The invention relates to a pressure-relieving facade for buildings that may be endangered by sudden pressure differentials.
Sudden pressure differentials may be caused by deflagrations, explosions or detonations, wherein the velocity of the pressure rise is lowest with deflagrations and highest with detonations. In order to prevent a sudden pressure rise from destroying the entire building, it will be necessary to provide within the facade for several "predetermined breaking points". It has been customary hitherto to provide as these "predetermined breaking points", windows with especially thin glazing. If the pressure rise within the building reached a certain value, these thin-glazed windows will burst and thus allow for a rapid pressure relief; all load-bearing wall sections will remain undamaged herein.

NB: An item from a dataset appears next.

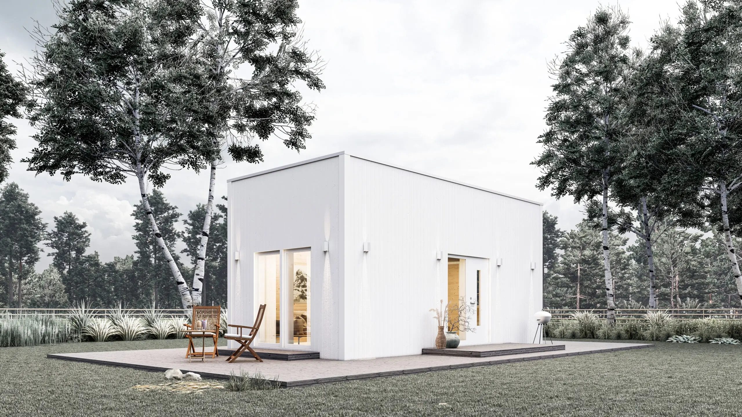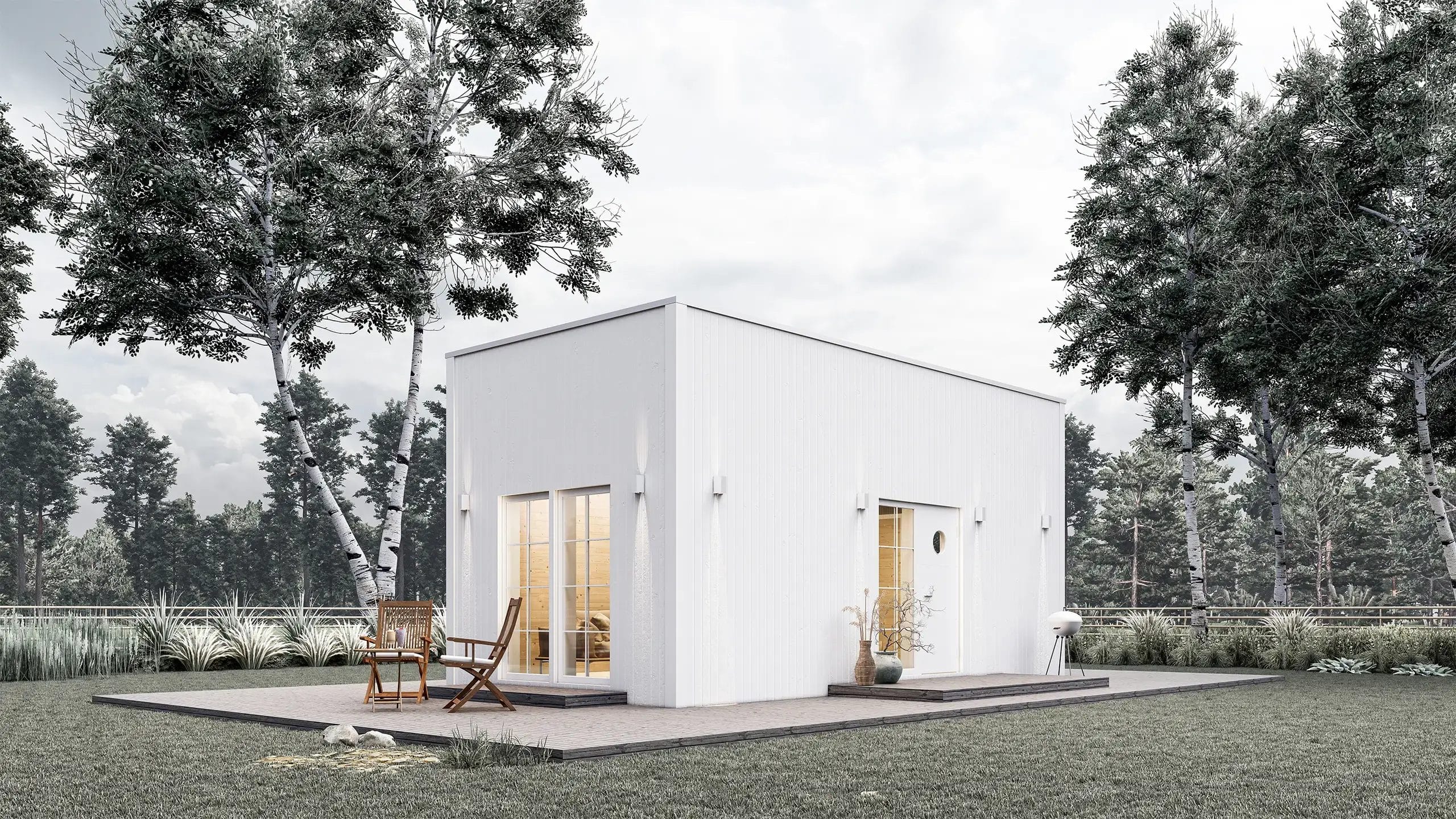Attefallshuset Saga är en klassisk och elegant modell med en väl genomtänkt design. Huset har en boarea på 23,46 kvm och ett loft på 12 kvm, vilket ger gott om plats för både boende och förvaring. Kök och allrum har en öppen planlösning med takhöjd som sträcker sig till nock, vilket skapar en rymlig känsla. Sovrummet rymmer en dubbelsäng och loftet kan nyttjas som extra sovplats eller förvaring. Saga är idealisk som gäststuga, kontor eller ett mysigt fritidshus.

By the CH Letters Pat. 531,124, a solution has become known in which glass panes with the bursting characteristics of thermally pretensioned glass are used. A pointed stop is installed at the low-pressure side of every pane in such a manner that the distance to the pane is smaller than that maximum deflection of the zone of the pane below the stop, which the pane may be subjected to just short of bursting.
A precondition for such suggested solutions as known, is a sufficiently large glass area relative to the total facade, this in order to ensure a sufficiently rapid pressure relief in case of a sudden pressure rise. Such a precondition is, for instance, not given any more when the individual parts of the building form closed sectors with a facade on only one side.